Tv antenna on a definite frequency wave length. The receiving antenna must be of a definite size, shape and originate to best receive each individual frequency sent by each station. The more frequencies the antenna is designed to receive the larger the antenna must be. Each section of the antenna is designed to receive different definite frequencies. The Tv frequencies. Many antennas are too small to achieve well. In some cases execution is disregarded in favor of attractive to the consumer's desire for a small more attractive antenna. These tiny antennas may work in a petite areas for a petite number of habitancy but for the most part they will disappoint the user with unsatisfactory reception.


Tv Channel Frequencies - Bookshelf

Popular Science

Popular Science

Manufacturers of TV receivers will have to stop producing sets that receive only very-high-frequency (VHF) stations, and will make only all-channel sets— ...

Popular Science

Popular Science

Interfering harmonics that enter directly on channel frequencies, signals below the TV band (which starts at about 54 mHz) can also force themselves into a ...
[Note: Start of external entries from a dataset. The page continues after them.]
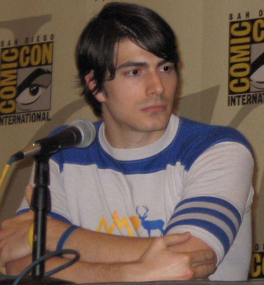 Actor Brandon Routh at San Diego Comic-Con in 2006
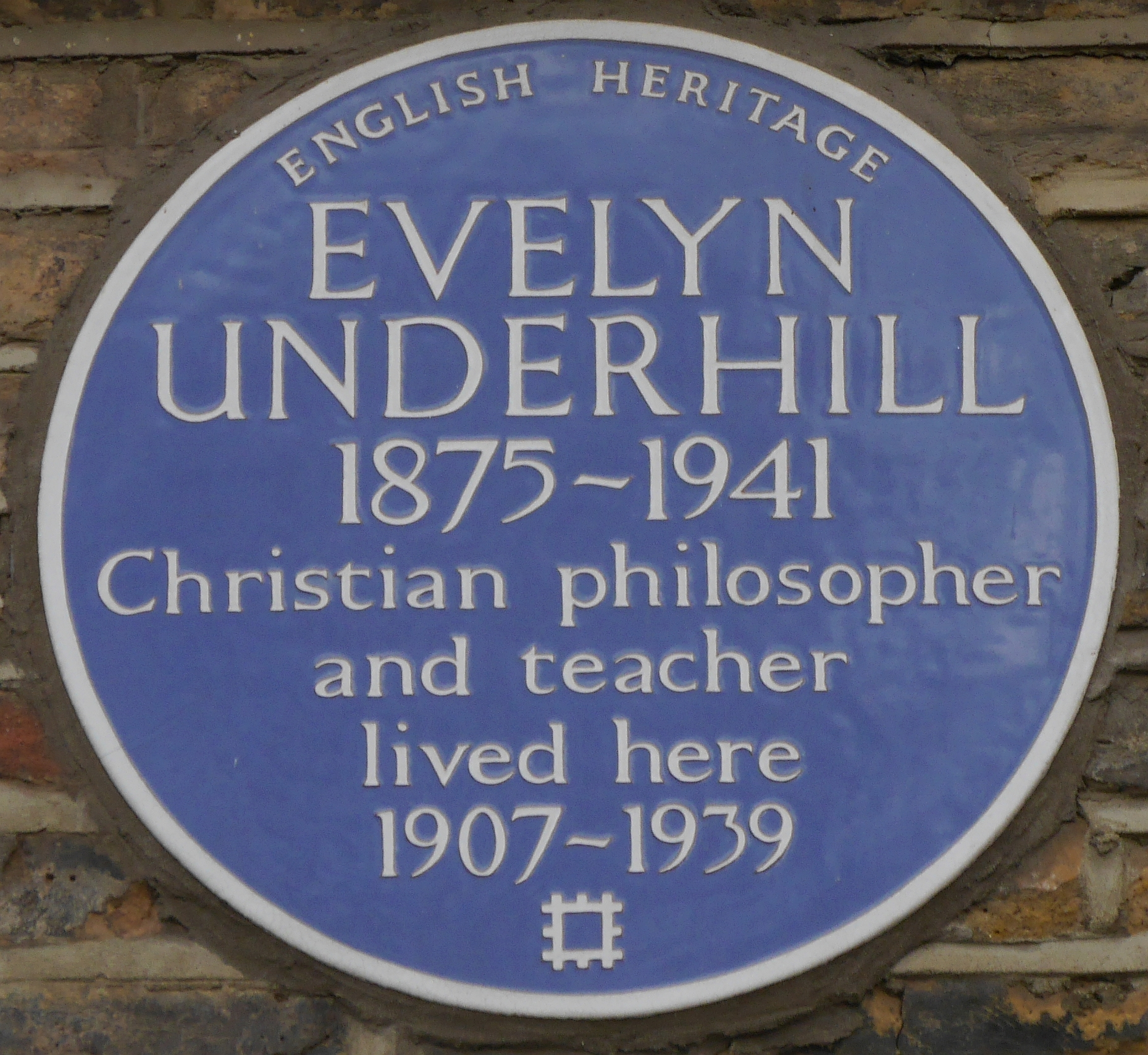 Evelyn Underhill 50 Campden Hill Square blue plaque
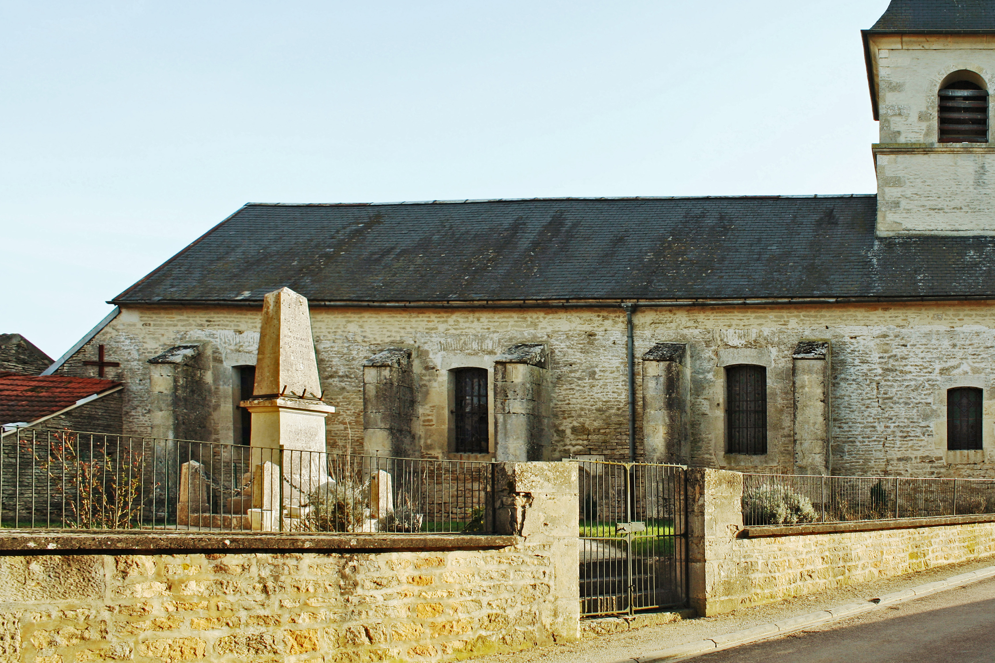 War memorial of Planay
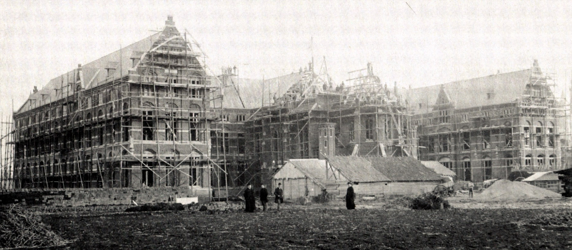 Maastricht, the Netherlands. Construction of the monastery of the Brethren of Maastricht around 1895 on the old Beyart monastery site.
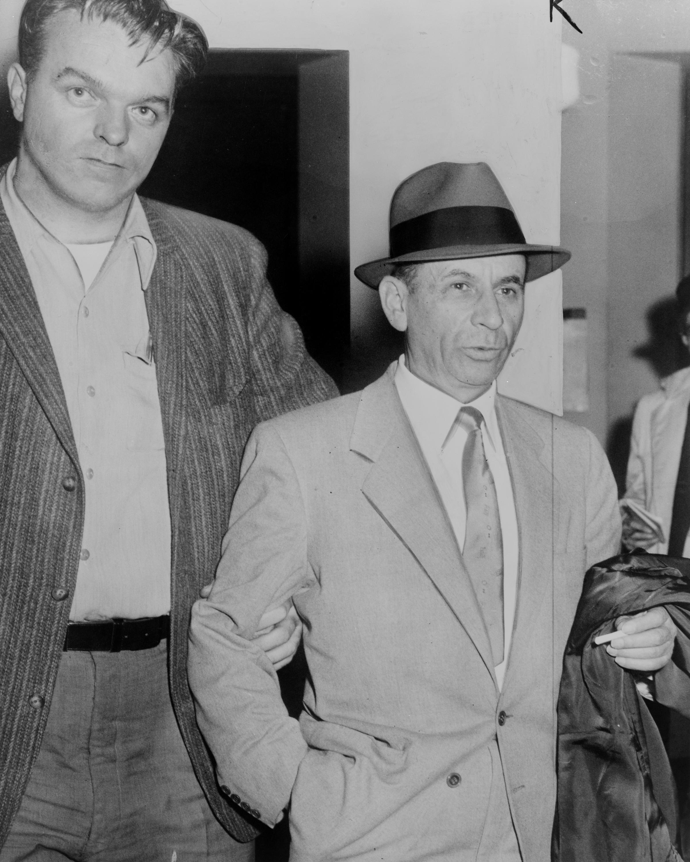 Meyer Lansky being led by detective Jeremiah Mullane for booking on vagrancy charge at 54th Street police station, New York City

Television Channel Frequencies

Television Channel Frequencies


Popular Science

Popular Science

The problem began when TV standards were first developed for black-and-white sets. Each TV channel was assigned a fixed band of frequencies six megahertz ...

Electronics the Easy Way

Electronics the Easy Way

The TV channel and its information locations. filter network that is inserted in ... but there is a large break in the frequencies between channels 6 and 7. ...

Day-by-day News Directory


Television channel frequencies - Wikipedia, the free encyclopedia
The frequencies shown are for the video and audio carriers. The channel itself occupies ... Note: FM channel 200, 87.9 MHz, overlaps TV 6. This is used only by ...

TV channel frequencies
Frequency allocations for TV channels in the U.S.. VHF Low Band: | VHF High Band: Channel ... They are now cell phone frequencies. Channels 52-69 will be de ...

Television Frequency Table
This table is the frequency chart for the US designated Television Channels. ... VHF TELEVISION FREQUENCIES. BAND CH # FREQUENCY BAND CH # FREQUENCY VHF LOW 02 54-60 Mhz ...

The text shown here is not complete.